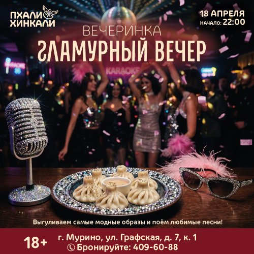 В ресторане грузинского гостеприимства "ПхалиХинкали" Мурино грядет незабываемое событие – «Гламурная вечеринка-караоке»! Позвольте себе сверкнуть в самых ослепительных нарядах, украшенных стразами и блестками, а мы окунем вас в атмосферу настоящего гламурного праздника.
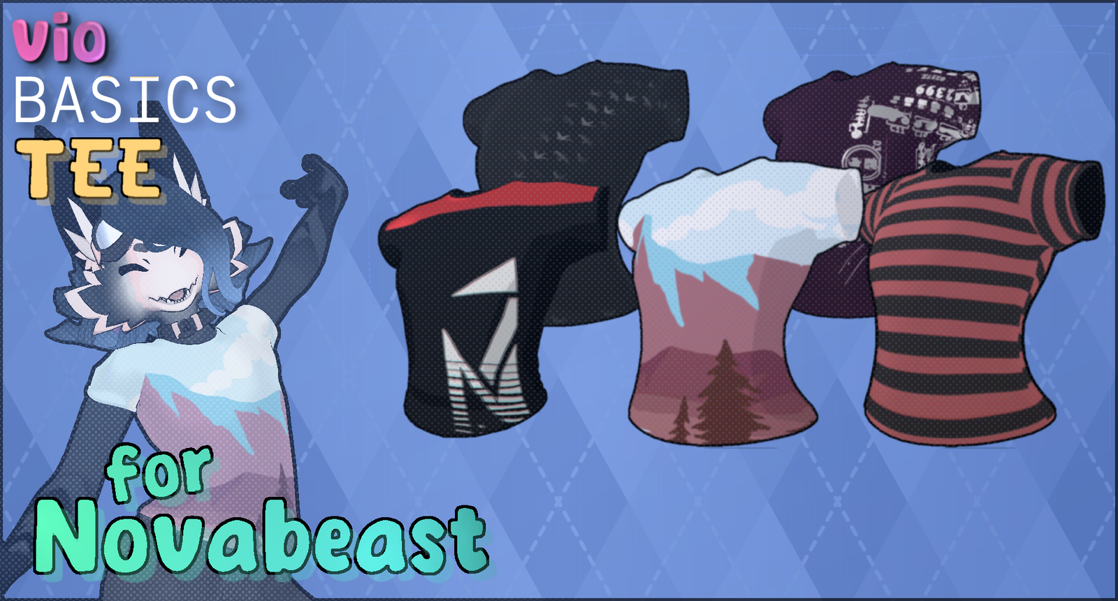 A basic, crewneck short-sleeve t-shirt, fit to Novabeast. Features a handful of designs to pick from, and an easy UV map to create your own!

==

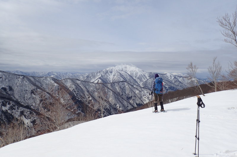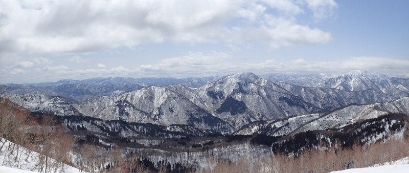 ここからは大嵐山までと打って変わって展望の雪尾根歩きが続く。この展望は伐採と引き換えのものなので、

TASK DETAILS. Among the entries above, locate the line with "В ресторане грузинского" and the line with "A basic, crewneck". Give those two lines and all lines between them again, exactly, leaving out the pictures.

EXERCISE ANSWER.
 В ресторане грузинского гостеприимства "ПхалиХинкали" Мурино грядет незабываемое событие – «Гламурная вечеринка-караоке»! Позвольте себе сверкнуть в самых ослепительных нарядах, украшенных стразами и блестками, а мы окунем вас в атмосферу настоящего гламурного праздника.
 A basic, crewneck short-sleeve t-shirt, fit to Novabeast. Features a handful of designs to pick from, and an easy UV map to create your own!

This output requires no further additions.